Exercise aim.
Your answer must be the data repeated exactly, with no pictures in it.
- Opening Delimiter -
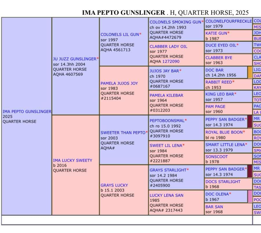 Ima Pepto Gunslinger $SOLD Sire: Ju Juzz Gunslinger Dam: Ima Lucky Sweety x Sweeter Than Pepto 2025 AQHA Bay Stallion - April 27, 2025 https://youtu.be/XlCPen93HqA - Video to watch |
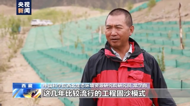 中國科學(xué)院西北生態(tài)環(huán)境資源研究院研究員 常學(xué)向:這幾年比較流行的工程固沙模式,可以大批量地、非??旖莸貋韺?shí)施工程,再通過生物措施來把流沙固定下來。好多品種,它治沙效果非常好,長勢也非常旺。但是到了青藏高原它不見得能適應(yīng)這個(gè)青藏高原的環(huán)境和氣候。哪些品種能適應(yīng)西藏的環(huán)境和氣候條件,這樣我們有選擇地來推廣到各個(gè)治沙區(qū)和治沙點(diǎn)。
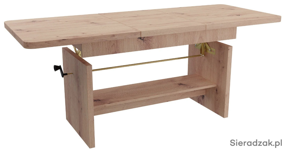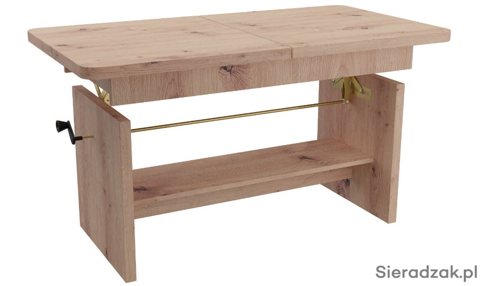 Ławo-stół JANEK to funkcjonalny, rozkładany stolik na potrzebny naszych rodzinnych spotkań. Na co dzień może stać w salonie w wersji mniejszej, a jeśli potrzeba to szybkim ruchem możemy go powiększyć z 116 cm na 156 cm! Do tego, jeśli nie dysponujemy dużym metrażem, może posłużyć jako stół na rodzinne obiady, dzięki podwyższeniu ławy z 59 cm na 70 cm. Ława jest dostępna aż w 14 wersjach kolorystycznych! Stolik jest solidny i przetrwa nie jedno przyjęcie. Wyposażony został w podręczną półkę, która przyda się na odłożenie gazet, książek lub pilota od telewizora.
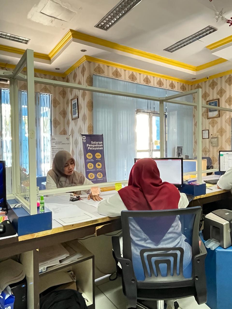 Bendahara Dinas Pendidikan dan Kebudayaan Kabupaten Donggala melakukan konsultasi mengenai pengenaan pajak atas transaksi yang dilakukan dengan rekanan pengusaha jasa tata rias. Konsultasi berlangsung di Tempat Pelayanan Trepadu (TPT) KP2KP Banawa, Kabupaten Donggala, Sulawesi Tengah (Senin, 22/1).
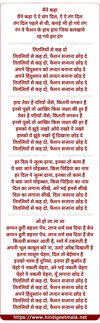 titaliyo se kah do, fashion sajana chhod de
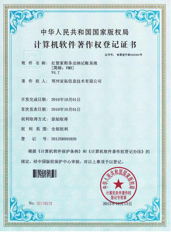2012年10月份,亞拓軟件開發的《紅管家財務出納記賬系統》最新版再次獲得國家版權中心軟件著作權證書(登記號:2012SR095920),可在國家版權登記中心網站的版權數據庫中進行查詢。獲得著作權認證標志這款軟件產品得到了專業級認可,部分源代碼在版權中心留存備案,體現了軟件產品的質量和可信度具有一定的保證,并且軟件的版權也將獲得法律保障!
- Closing Delimiter -
Response box.
 Ima Pepto Gunslinger $SOLD Sire: Ju Juzz Gunslinger Dam: Ima Lucky Sweety x Sweeter Than Pepto 2025 AQHA Bay Stallion - April 27, 2025 https://youtu.be/XlCPen93HqA - Video to watch |
 中國科學(xué)院西北生態(tài)環(huán)境資源研究院研究員 常學(xué)向:這幾年比較流行的工程固沙模式,可以大批量地、非??旖莸貋韺?shí)施工程,再通過生物措施來把流沙固定下來。好多品種,它治沙效果非常好,長勢也非常旺。但是到了青藏高原它不見得能適應(yīng)這個(gè)青藏高原的環(huán)境和氣候。哪些品種能適應(yīng)西藏的環(huán)境和氣候條件,這樣我們有選擇地來推廣到各個(gè)治沙區(qū)和治沙點(diǎn)。
 Ławo-stół JANEK to funkcjonalny, rozkładany stolik na potrzebny naszych rodzinnych spotkań. Na co dzień może stać w salonie w wersji mniejszej, a jeśli potrzeba to szybkim ruchem możemy go powiększyć z 116 cm na 156 cm! Do tego, jeśli nie dysponujemy dużym metrażem, może posłużyć jako stół na rodzinne obiady, dzięki podwyższeniu ławy z 59 cm na 70 cm. Ława jest dostępna aż w 14 wersjach kolorystycznych! Stolik jest solidny i przetrwa nie jedno przyjęcie. Wyposażony został w podręczną półkę, która przyda się na odłożenie gazet, książek lub pilota od telewizora.
 Bendahara Dinas Pendidikan dan Kebudayaan Kabupaten Donggala melakukan konsultasi mengenai pengenaan pajak atas transaksi yang dilakukan dengan rekanan pengusaha jasa tata rias. Konsultasi berlangsung di Tempat Pelayanan Trepadu (TPT) KP2KP Banawa, Kabupaten Donggala, Sulawesi Tengah (Senin, 22/1).
 titaliyo se kah do, fashion sajana chhod de
2012年10月份,亞拓軟件開發的《紅管家財務出納記賬系統》最新版再次獲得國家版權中心軟件著作權證書(登記號:2012SR095920),可在國家版權登記中心網站的版權數據庫中進行查詢。獲得著作權認證標志這款軟件產品得到了專業級認可,部分源代碼在版權中心留存備案,體現了軟件產品的質量和可信度具有一定的保證,并且軟件的版權也將獲得法律保障!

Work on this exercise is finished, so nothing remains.